### [Task]
Starting at the line that contains "Pour préparer la" and stopping at the line that contains "1年生は、昨日、運動場で砂遊びをしました。", restate each line of the records below exactly. Omit the pictures.
Start of Dataset
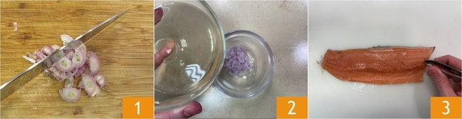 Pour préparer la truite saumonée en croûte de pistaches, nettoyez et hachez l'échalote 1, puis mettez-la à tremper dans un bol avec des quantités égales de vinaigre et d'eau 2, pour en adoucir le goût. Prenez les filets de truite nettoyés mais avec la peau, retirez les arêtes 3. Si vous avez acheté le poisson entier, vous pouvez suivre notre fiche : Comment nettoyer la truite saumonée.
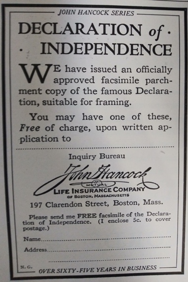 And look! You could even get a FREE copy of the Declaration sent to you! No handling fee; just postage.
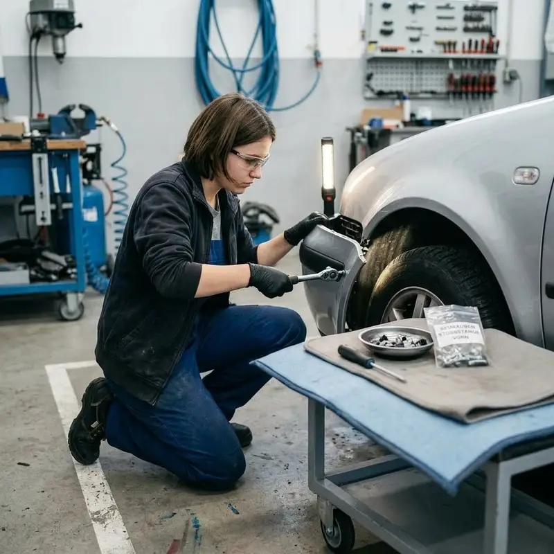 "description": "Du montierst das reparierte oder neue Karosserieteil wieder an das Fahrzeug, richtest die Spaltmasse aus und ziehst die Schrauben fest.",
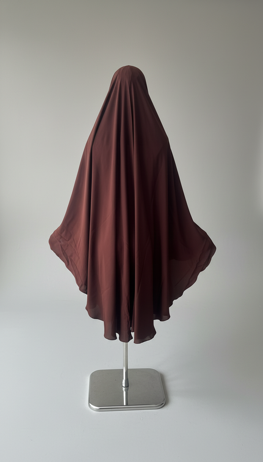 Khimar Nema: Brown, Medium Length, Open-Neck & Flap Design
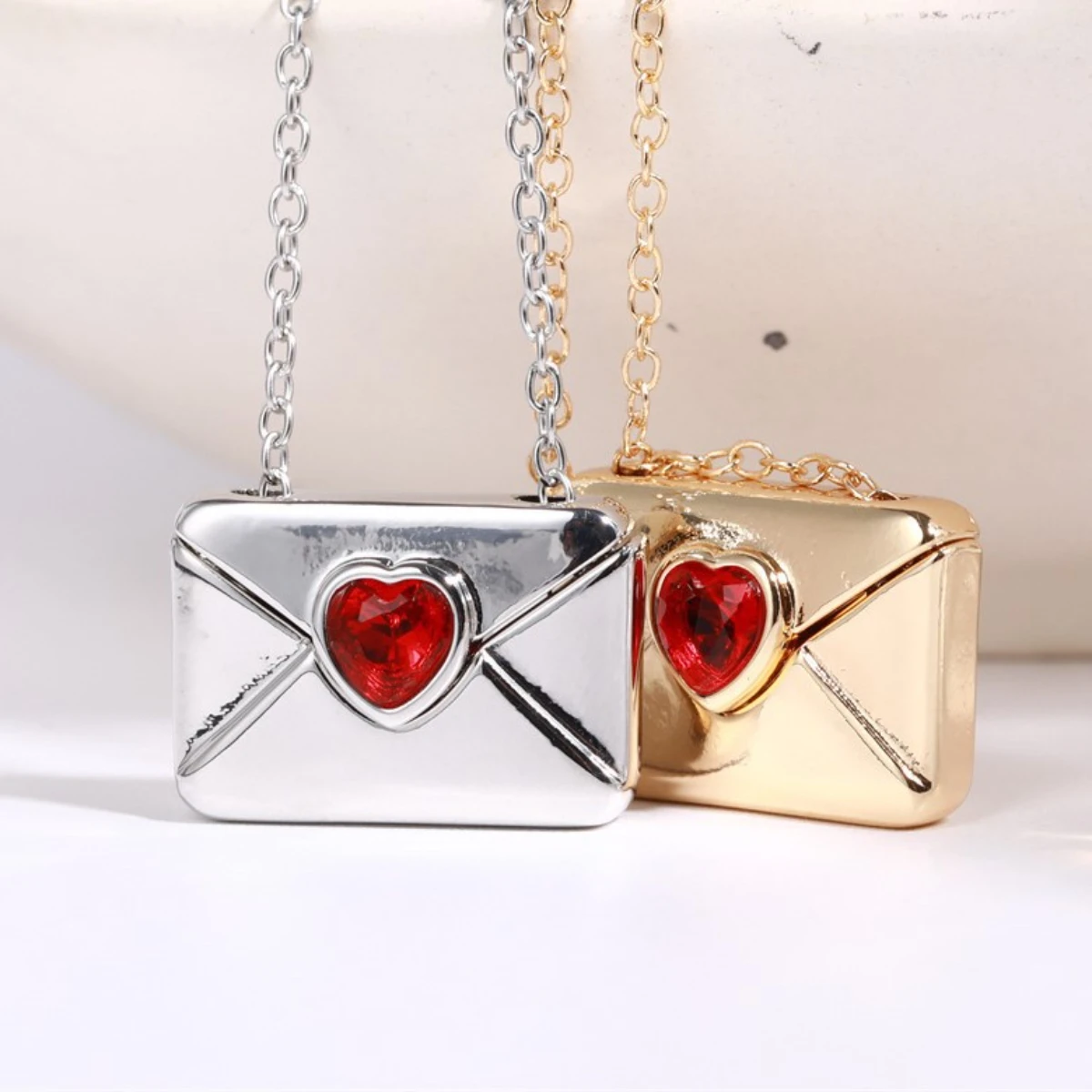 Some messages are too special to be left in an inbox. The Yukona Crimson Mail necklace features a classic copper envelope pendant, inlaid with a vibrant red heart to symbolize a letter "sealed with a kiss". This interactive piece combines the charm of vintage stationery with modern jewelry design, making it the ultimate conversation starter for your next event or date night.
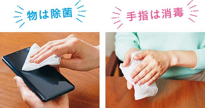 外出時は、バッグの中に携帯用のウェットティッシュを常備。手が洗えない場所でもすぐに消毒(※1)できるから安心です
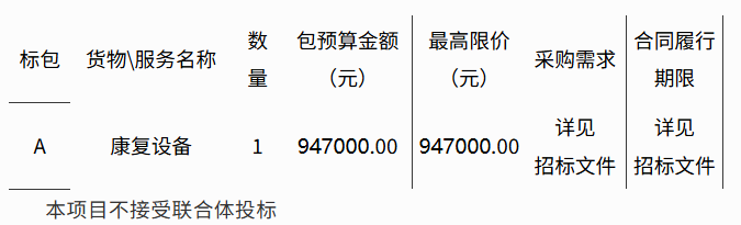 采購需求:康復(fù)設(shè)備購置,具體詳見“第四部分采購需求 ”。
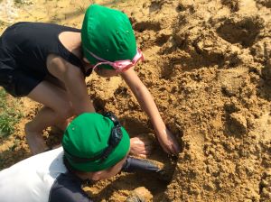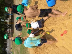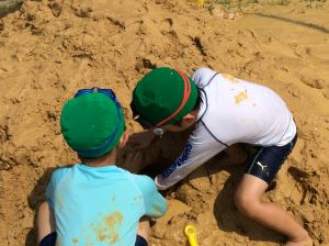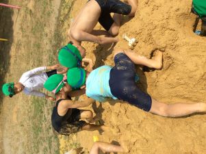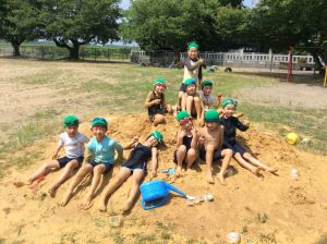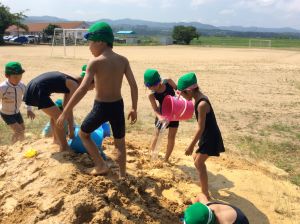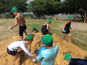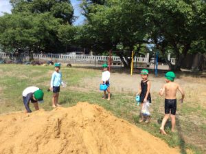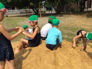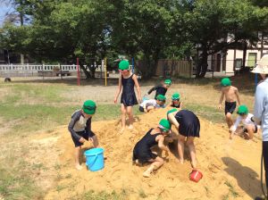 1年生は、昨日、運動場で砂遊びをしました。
End of Dataset
Start of Dataset
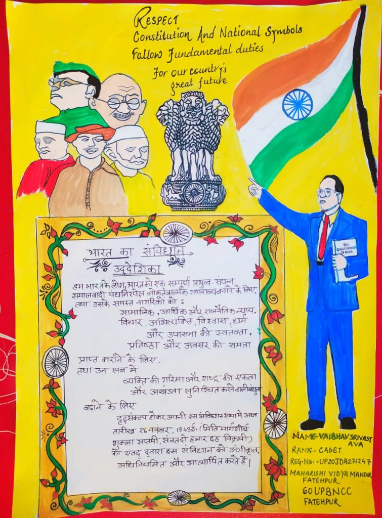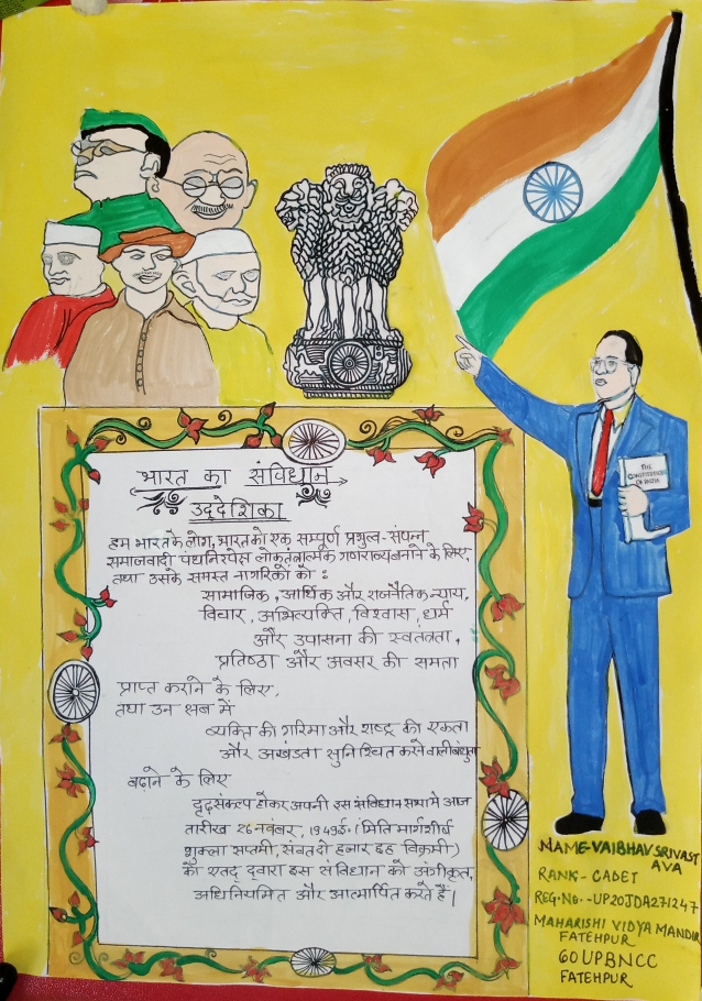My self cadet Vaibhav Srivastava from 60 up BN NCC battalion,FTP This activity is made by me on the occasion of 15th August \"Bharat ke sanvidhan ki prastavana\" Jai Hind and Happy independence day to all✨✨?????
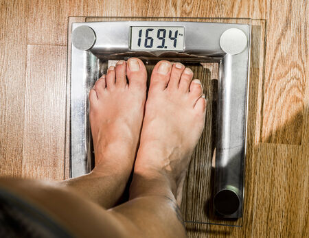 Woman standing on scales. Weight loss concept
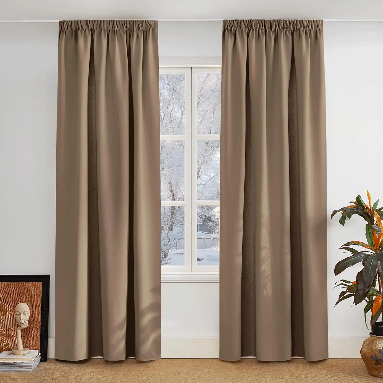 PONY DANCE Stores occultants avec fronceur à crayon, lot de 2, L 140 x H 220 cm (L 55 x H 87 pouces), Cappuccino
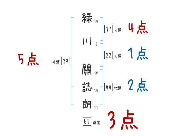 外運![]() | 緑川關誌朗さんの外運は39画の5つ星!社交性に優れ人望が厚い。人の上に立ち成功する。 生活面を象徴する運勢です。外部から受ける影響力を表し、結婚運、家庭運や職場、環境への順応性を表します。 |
End of Dataset
### [Your solution]
 Pour préparer la truite saumonée en croûte de pistaches, nettoyez et hachez l'échalote 1, puis mettez-la à tremper dans un bol avec des quantités égales de vinaigre et d'eau 2, pour en adoucir le goût. Prenez les filets de truite nettoyés mais avec la peau, retirez les arêtes 3. Si vous avez acheté le poisson entier, vous pouvez suivre notre fiche : Comment nettoyer la truite saumonée.
 And look! You could even get a FREE copy of the Declaration sent to you! No handling fee; just postage.
 "description": "Du montierst das reparierte oder neue Karosserieteil wieder an das Fahrzeug, richtest die Spaltmasse aus und ziehst die Schrauben fest.",
 Khimar Nema: Brown, Medium Length, Open-Neck & Flap Design
 Some messages are too special to be left in an inbox. The Yukona Crimson Mail necklace features a classic copper envelope pendant, inlaid with a vibrant red heart to symbolize a letter "sealed with a kiss". This interactive piece combines the charm of vintage stationery with modern jewelry design, making it the ultimate conversation starter for your next event or date night.
 外出時は、バッグの中に携帯用のウェットティッシュを常備。手が洗えない場所でもすぐに消毒(※1)できるから安心です
 采購需求:康復(fù)設(shè)備購置,具體詳見“第四部分采購需求 ”。
 1年生は、昨日、運動場で砂遊びをしました。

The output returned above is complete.